Carnatic Kriti Dataset
Carnatic Kriti Dataset is a collection of recordings curated from the CompMusic collection with a set criteria on the number of recordings and works per raaga. As the CompMusic collection evolves over time, the dataset is presented here as a snapshot at different time periods. The changes between the snapshots reflect the new releases/recordings being added to the collection, as well as improvments in the data quality. Such improvements include adding missing metadata, correcting mislabelled data, changes in the data schema etc.
The Dataset
Version 2.0
This snapshot is dated June 2016. This is created with a criteria as follows: each raaga must have a minimum number of 20 performances that span over at least 5 different compositions. This too, like version 1.0, does not feature RTPs, but has Keertanams and Varnams.
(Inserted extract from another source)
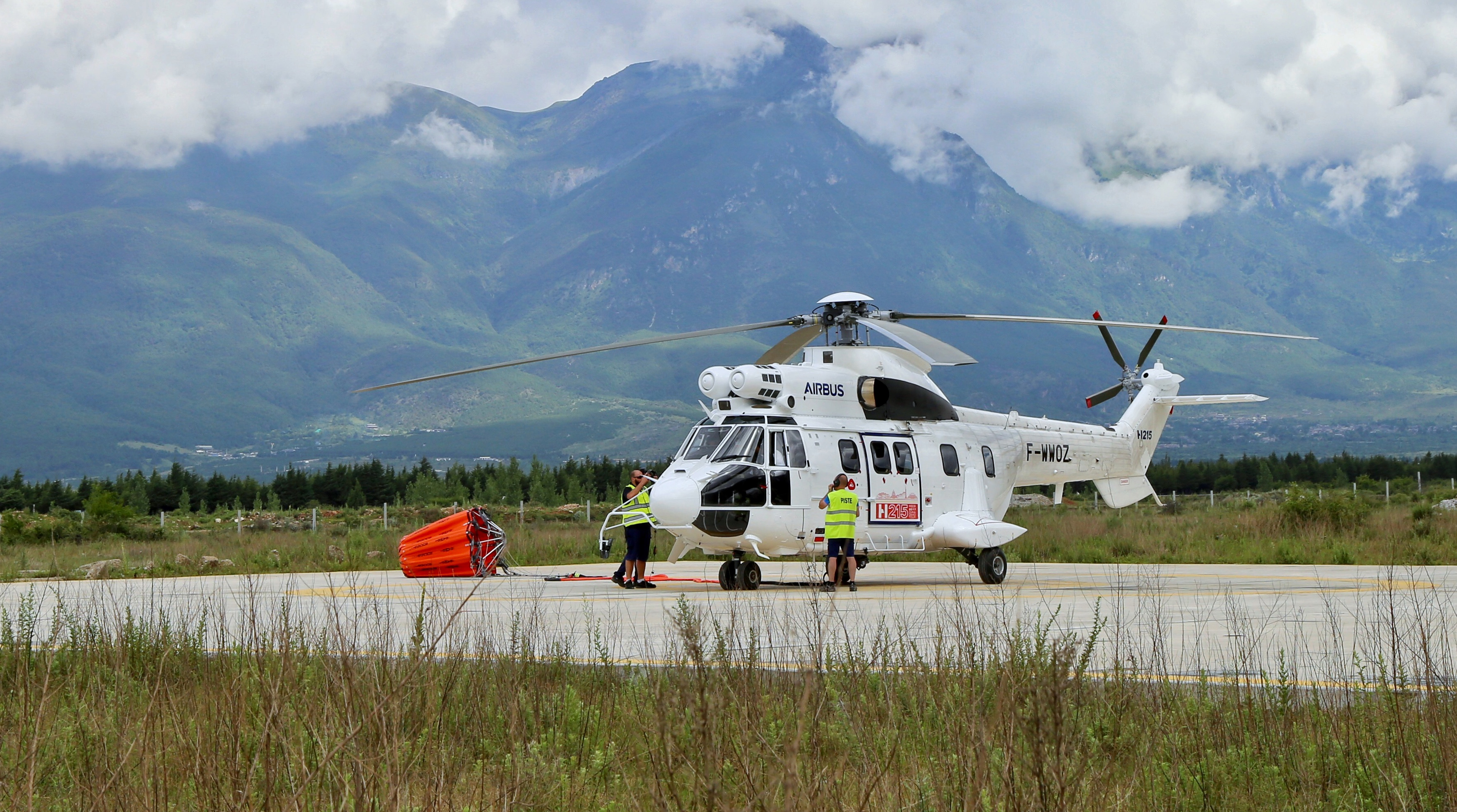 The H215 wraps up its two-week demo tour in China. The heavy twin is the latest member of the Super Puma helicopter family and known for its multi-mission and long-range capabilities. The demo tour included flights in Zhuhai, Shenzhen and Lijiang, covering more than 2,000 km across China and demonstrated its capabilities for firefighting, power line missions, law enforcement, and passenger transportation as well as its excellent performance in high and hot conditions.

This resulted in a dataset that featured 42 raagas, 667 works and 2324 recordings.
Version 1.0
This snapshot is dated May 2015. This is created with a criteria as follows: each raaga must have a minimum number of 10 performances that span over at least 5 different compositions. Note that this do not include RTPs (Raagam-Taanam-Pallavi) and mainly feature Kritis. Other forms that this dataset consists of are Keertanas and Varnams. With the CompMusic collection at the time, this resulted in a dataset that featured 45 raagas, 545 works and 934 recordings.
Notations
We have looked up the works (in both version 1.0 and version 2.0) for their notation in different sources (published books, online resources such as personal blogs and forums). Those which were available are manually converted to a machine readable format (yaml). Each file is essentially a dictionary with section names of the work/composition as keys. Each section is represented as a list of cycles. Each cycle in turn has a list of divisions.